**What you have to do:**
Shown below is a listing with pictures; reproduce exactly, and only, the lines between the ones containing "2. मिलिंद एकबोटे, धनंजय" and "We cut this", inclusive, leaving the pictures out.

**Supplied records:**
════════════════════

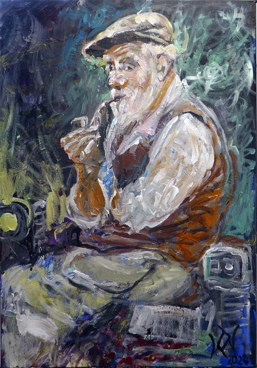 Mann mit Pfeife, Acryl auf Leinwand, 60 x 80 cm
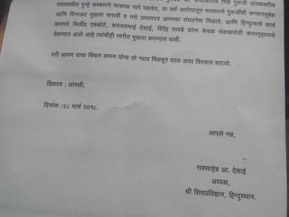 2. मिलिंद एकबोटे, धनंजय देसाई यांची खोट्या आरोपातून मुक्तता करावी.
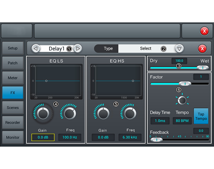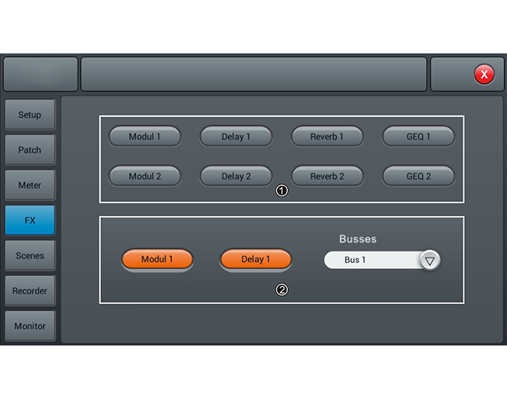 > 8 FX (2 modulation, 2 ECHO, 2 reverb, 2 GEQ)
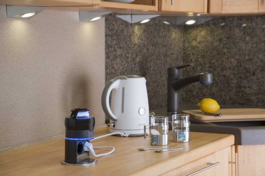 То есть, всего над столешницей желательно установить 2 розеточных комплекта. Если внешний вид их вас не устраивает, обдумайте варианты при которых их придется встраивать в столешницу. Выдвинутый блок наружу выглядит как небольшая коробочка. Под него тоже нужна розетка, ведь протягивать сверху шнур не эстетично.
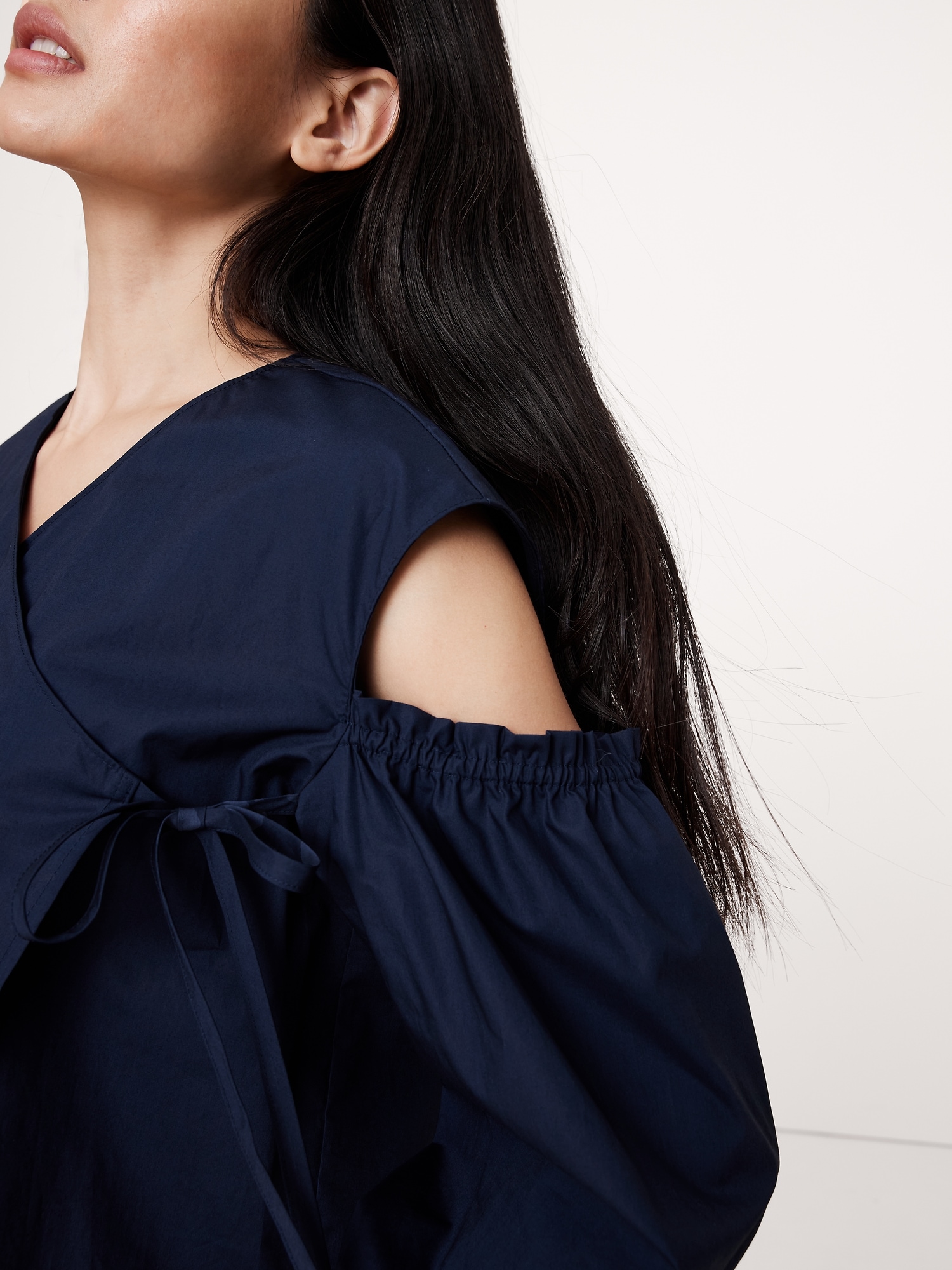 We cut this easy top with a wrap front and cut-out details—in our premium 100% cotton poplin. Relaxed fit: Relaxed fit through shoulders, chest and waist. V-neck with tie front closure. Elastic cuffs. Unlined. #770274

════════════════════

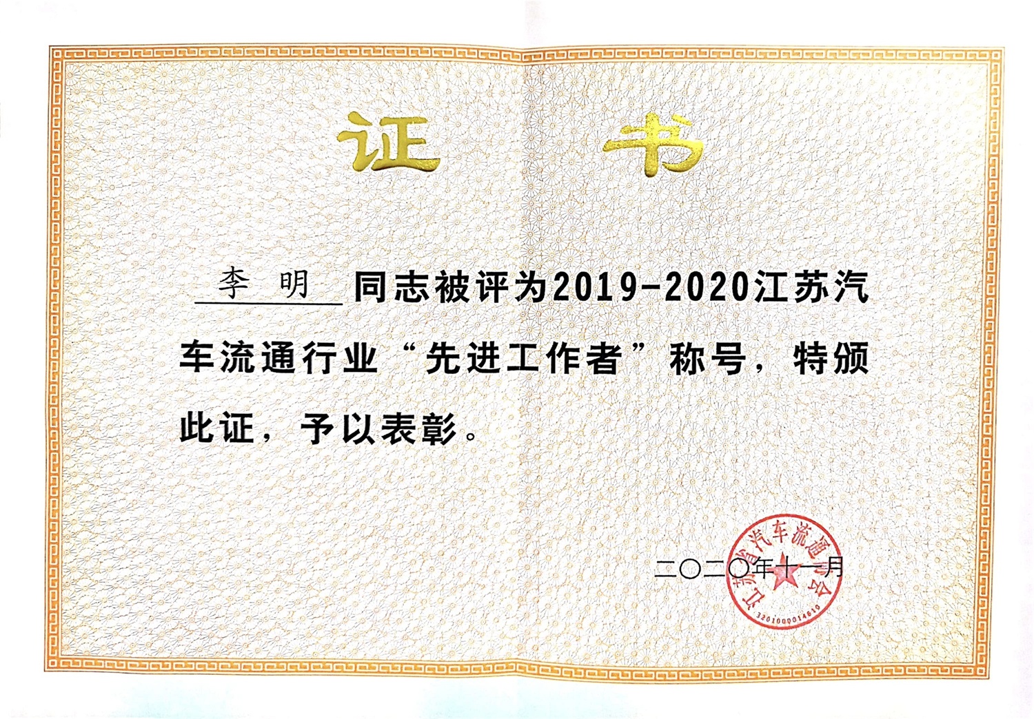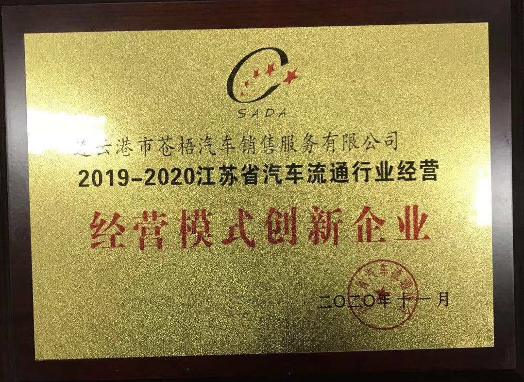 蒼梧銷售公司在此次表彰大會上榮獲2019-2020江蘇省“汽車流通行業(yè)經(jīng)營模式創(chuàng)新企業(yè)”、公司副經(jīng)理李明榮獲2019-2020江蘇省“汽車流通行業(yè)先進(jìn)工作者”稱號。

════════════════════

**Task solution:**
 2. मिलिंद एकबोटे, धनंजय देसाई यांची खोट्या आरोपातून मुक्तता करावी.
 > 8 FX (2 modulation, 2 ECHO, 2 reverb, 2 GEQ)
 То есть, всего над столешницей желательно установить 2 розеточных комплекта. Если внешний вид их вас не устраивает, обдумайте варианты при которых их придется встраивать в столешницу. Выдвинутый блок наружу выглядит как небольшая коробочка. Под него тоже нужна розетка, ведь протягивать сверху шнур не эстетично.
 We cut this easy top with a wrap front and cut-out details—in our premium 100% cotton poplin. Relaxed fit: Relaxed fit through shoulders, chest and waist. V-neck with tie front closure. Elastic cuffs. Unlined. #770274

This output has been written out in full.